When I started Cryodrome, Columbus had several popular rides, one of which I was a regular: Dear People of Columbus (Dear PoC). Dear PoC was started by a local potter to bike to immigrant and PoC owned restaurants. This was a mission close to the founder's heart being an immigrant themself. The other ride at that time was ABoB (All Butts on Bikes). Both rides met around the same time on Wednesday. Neither of these rides ran during the winter, but if they ever decided to, I wanted to make sure my ride wouldn’t step on any toes. I scheduled it for the heat of the day (or what we could get) on Saturdays, same meeting place as Dear PoC.

In college I had a job as an event organizer for different campus charities. I was not suited for such a job. I had a group of students that met occasionally as a think tank for brainstorming event ideas, but very few of them were able to join me in set up and tear down.

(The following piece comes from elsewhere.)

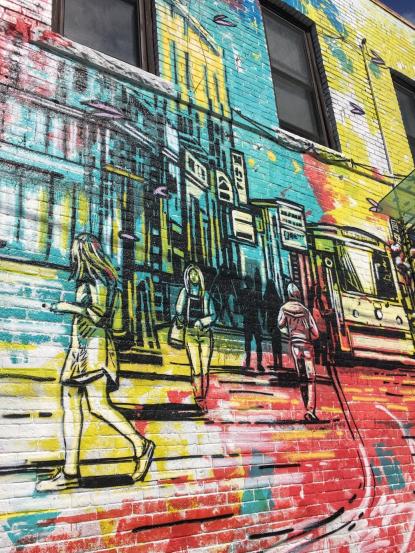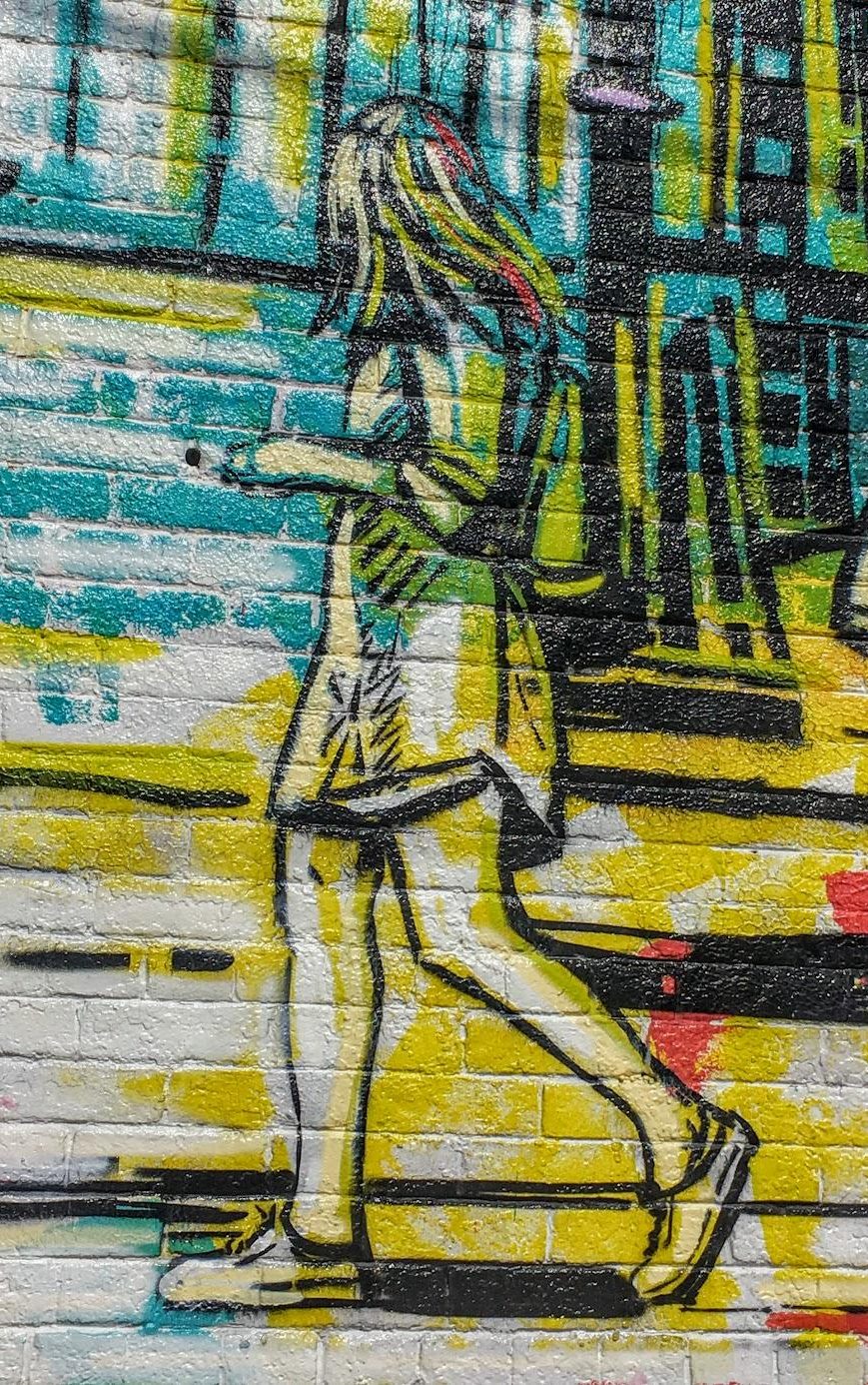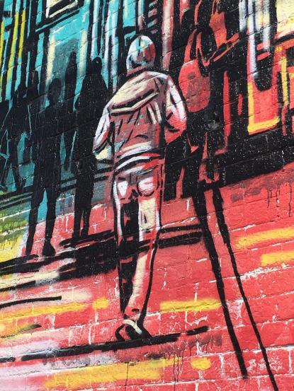I was quite intrigued when I saw this mural. It’s an unusual style for street art.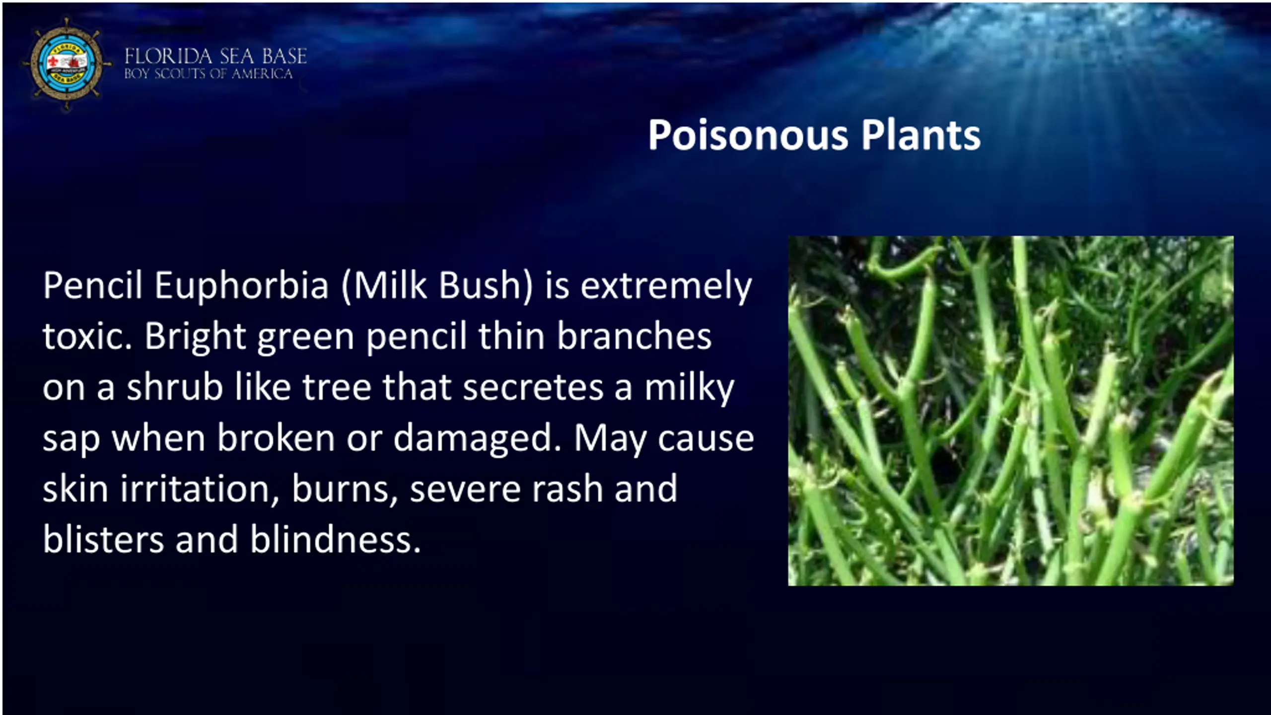 Poisonous Plants Pencil Euphorbia (Milk Bush) is extremely toxic. Bright green pencil thin branches on a shrub like tree that secretes a milky sap when broken or damaged. May cause skin irritation, burns, severe rash and blisters and blindness.

I am an easily flustered person, and I was frequently stressed with this job. Some of my events were successful, some were not. I think it’s important to try and to fail and to apply yourself to things that are outside your skillset. You can only want something so hard without taking steps to make it happen. If you want a niche to be filled, you’ll probably have to do it yourself even if you’re not qualified at first. However, when it came to Cryodrome, I wanted it to be a fun experience for me too. I decided to make it as freeform as possible. No route, no destination, no expected speed. All would be determined by the people who showed up.

I loathe when people brand themselves. I made the decision to not appear in photos and to remain detached from it on social media (back when this website was but a twinkle in my eye). I am not a brand. Neither is Cryodrome. I don’t sell anything. Cryodrome costs me money. It’s a hobby, not a side hustle. Lots of people I meet have ideas about what Cryodrome should be without ever having gone on a ride. They can start their own rides if they really want that.

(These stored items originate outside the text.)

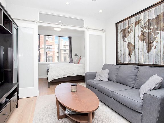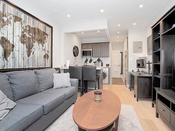 Welcome home to 223 East 74th Street. ELEVATOR BUILDING Incredible SUN and views of the quiet gardens Walk in and be greeted by an open concept, complete with a spacious living area and kitchen. The kitchen features beautiful white countertops and marble backsplash and charming cabinets. The stainless steel appliances complete the kitchen and include a washer/dryer, stove/oven, microwave and dishwasher. The entire apartment has central a/c for your comfort and ease! The living room is large enough for your full sized couch and dining area. The entire unit has been outfitted with central ac! Through two doors you'll find a Queen-sized bed area and large picture windows that face the gardens and a ton of green and sky. There is a BIG closet that is customized to fit your needs! Elevator building just a few blocks from the entrance to the 6 train as well as the Q 2 blocks away virtual doorman entry system in place! pets ok be the first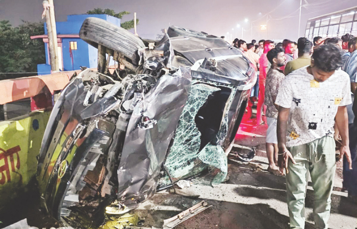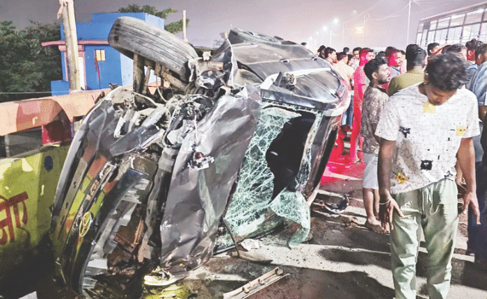 अंबरनाथ शहराच्या पूर्व आणि पश्चिम भागाला जोडणाऱय उड्डाणपुलावर आज रात्री भीषण अपघात झाला. शिंदे गटाच्या उमेदवार किरण चौबे यांच्या भरधाव कारने लेन तोडत विरुद्ध दिशेने येणाऱ्या दुचाकीस्वारांना अक्षरशः चिरडले. त्यात एक दुचाकीस्वार थेट पुलावरून खाली कोसळला. ही घटना सीसी टिव्हीत कैद झाली.अपघातात चार जण जागीच ठार झाले.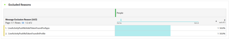 마케팅 캠페인의 iOS Live 활동의 경우 보고서에는 원격 시작 이벤트 및 원격 시작 오류만 표시됩니다. APNs에서 피드백을 제공하지 않고 모든 장치에 업데이트를 배포하므로 업데이트 및 종료 이벤트가 추적되지 않습니다. 업데이트 및 종료 이벤트를 보려면 Apple의 푸시 알림 콘솔을 사용하세요.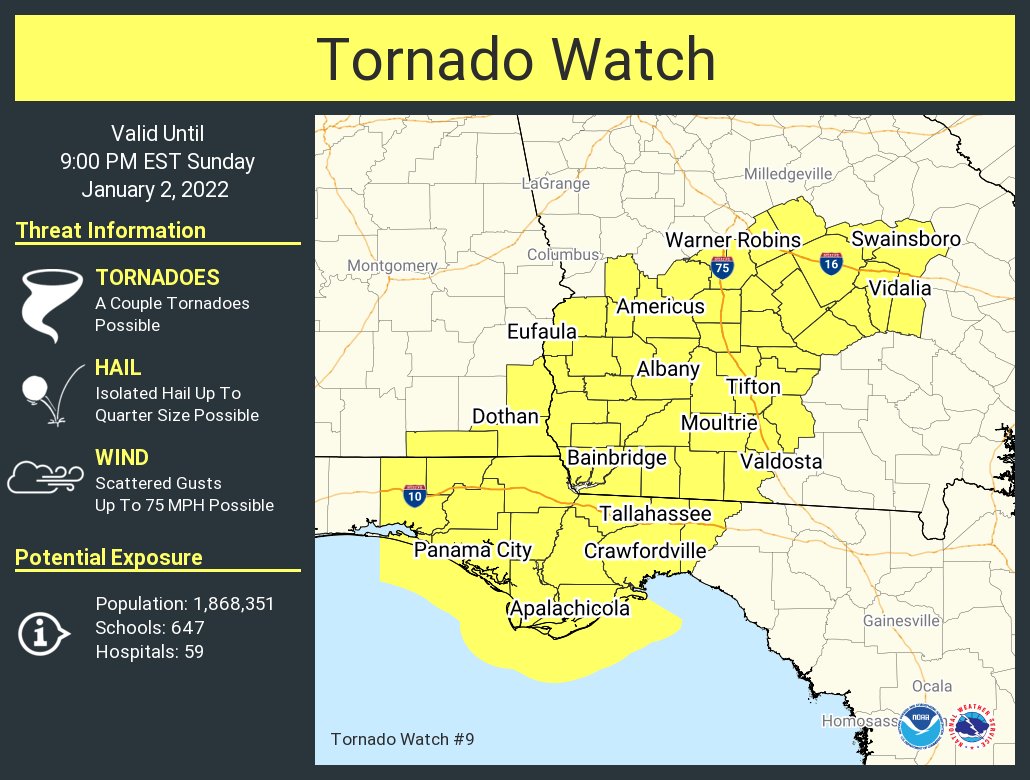 A tornado watch has been issued for parts of Alabama, Florida and Georgia until 9 PM EST
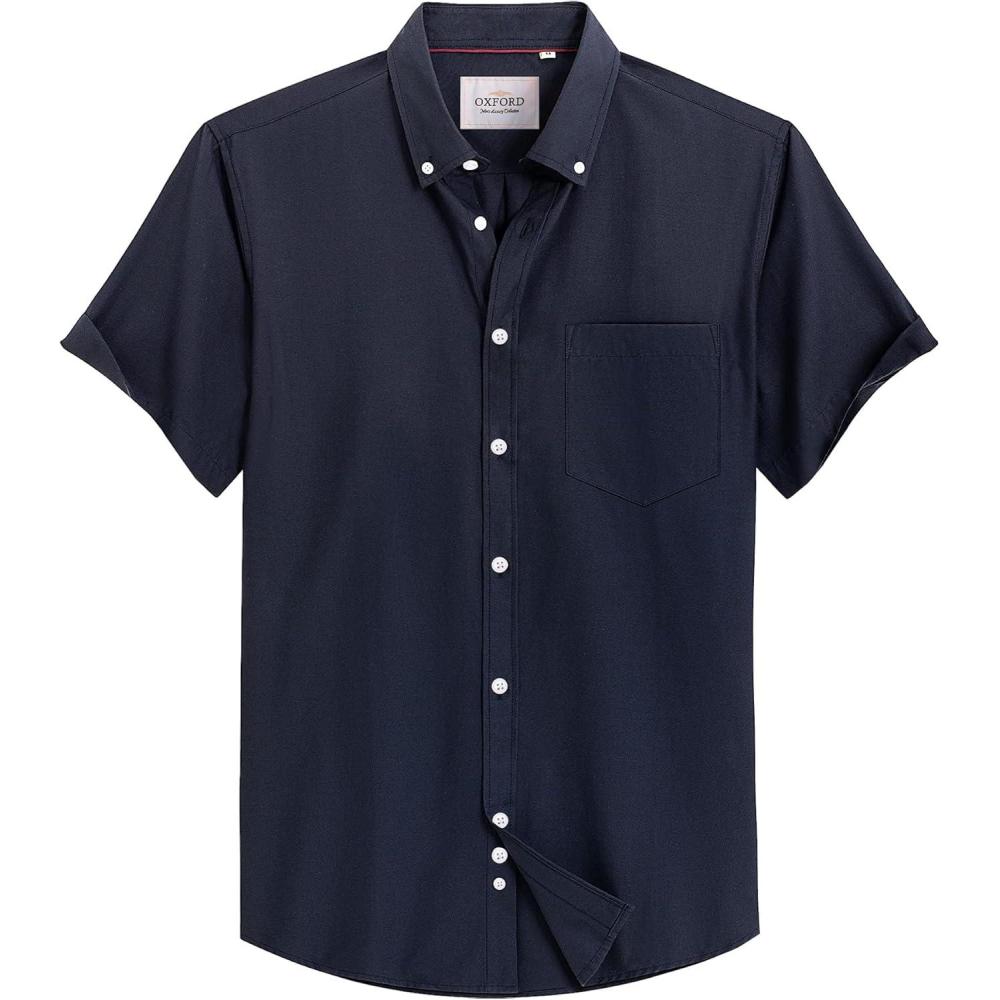 Alimens & Gentle Men’s Short Sleeve Oxford Shirt Regular Fit Button Down Collar Shirts with Pocket(Navy Blue)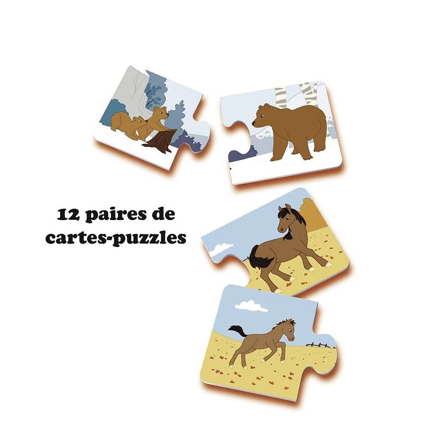 | Plus produit | LE CADEAU IDÉAL : un jeu incontournable pour apprendre à réunir les mamans et leurs bébés animaux ! Avec les cartes puzzles, l\'enfant joue à associer un bébé animal à sa maman. Des images modernes et des animaux très mignons. Connaître l\'environnement des animaux n\'a jamais été aussi simple. À PARTIR DE 2 ANS : les enfants sont fascinés par les animaux, ils peuvent découvrir les animaux dans leur environnement et apprendre leur nom. Plus qu\'un jouet, ce jeu favorise le sens de lobservation, le développement du langage, du vocabulaire lié aux animaux et de la motricité fine. JOUER AVEC LES ANIMAUX : les enfants apprendront à retrouver les bébés animaux des 12 mamans. Les enfants découvrent une jument et son poulain, une vache et son veau dans un pré, une cane et ses canetons dans la mare, etc. Grâce aux pièces de puzzle auto-correctives, les enfants peuvent vérifier eux-mêmes sils ont correctement associé les images. CONTENU : 12 paires de cartes-puzzles, 1 notice. Ce produit est composé de matériaux issus de forêts bien gérées certifiées FSC®, de matériaux recyclés et de matériaux issus dautres sources contrôlées (FSC-C111262). Produit imaginé en France et fabriqué en Europe. JEUX EDUCATIFS : \'Maman et ses petits\' s\'accompagne d\'une collection entière de jeux éducatifs pour les enfants dès 2 ans. Le coffret \'Prêt pour la maternelle\', le jeu \'Les contraires\' ainsi que la gamme Colorino ! Retrouvez pour chaque âge de 2 à 5 ans une multitude de jeux basés sur les notions essentielles et sur les connaissances à acquérir. |

For three seasons we rode in mostly good weather. During season 2 the successor to Dear PoC, Wednesday Night Ride (WNR), also rode all winter. They got the worse weather though. It was a similarly small group with some overlap between mine and theirs. By season 3 of Cryodrome both WNR and Friday Night Ride (FNR) were riding through winter as well.

At the end of season 2 I hosted a relay race in a parking lot. I organized the whole event. I made the google doc for signing up, ordered boxed coffee, planned the route, procured the bike everyone would ride, made prizes by hand, and announced/audio recorded the event on tape. It was a big and stressful undertaking for me even with only three teams competing.

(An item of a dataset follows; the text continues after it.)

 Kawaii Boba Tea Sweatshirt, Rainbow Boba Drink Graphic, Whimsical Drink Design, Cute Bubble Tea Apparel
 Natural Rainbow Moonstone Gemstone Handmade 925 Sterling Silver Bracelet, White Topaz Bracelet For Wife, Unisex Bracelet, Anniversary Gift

Season 3 I made attendance booklets for all participants and spaced out three tiers of prizes to be given out based on number of rides attended. I carved a stamp for tracking rides. I made pins out of bottle caps and soda tabs. The safety pins were from when I pinned my race bib on for collegiate cycling. I made a spoke card and had an etsy seller print them. And finally, I learned how to cross stitch thinking the final prize would be patches. After spending hours on a single patch, I decided to get patches from etsy as well.

I think after the relay race I wanted to one-up the ride and I think I accomplished that with the prize system. On the other hand, one-upping myself does not lead to a long-lived project. I burned myself out. The idea of doing season 4 and making it more bare bones bums me out. I would rather end the ride aspect of Cryodrome on a high note. And now that there are two rides that last all winter, I no longer feel like Cryodrome is as needed as it used to be for the community. I’m not sure if “needed” is even the right word. I think I needed it, and now I don’t. I’m thankful for the ride because it spurred me on creatively and gave me a name to put my projects under. I will continue to learn and create under the Cryodrome name, but for the foreseeable future, rides are not going to happen.

Thank you to every Cryonaut that has ever attended a ride. It’s been fun.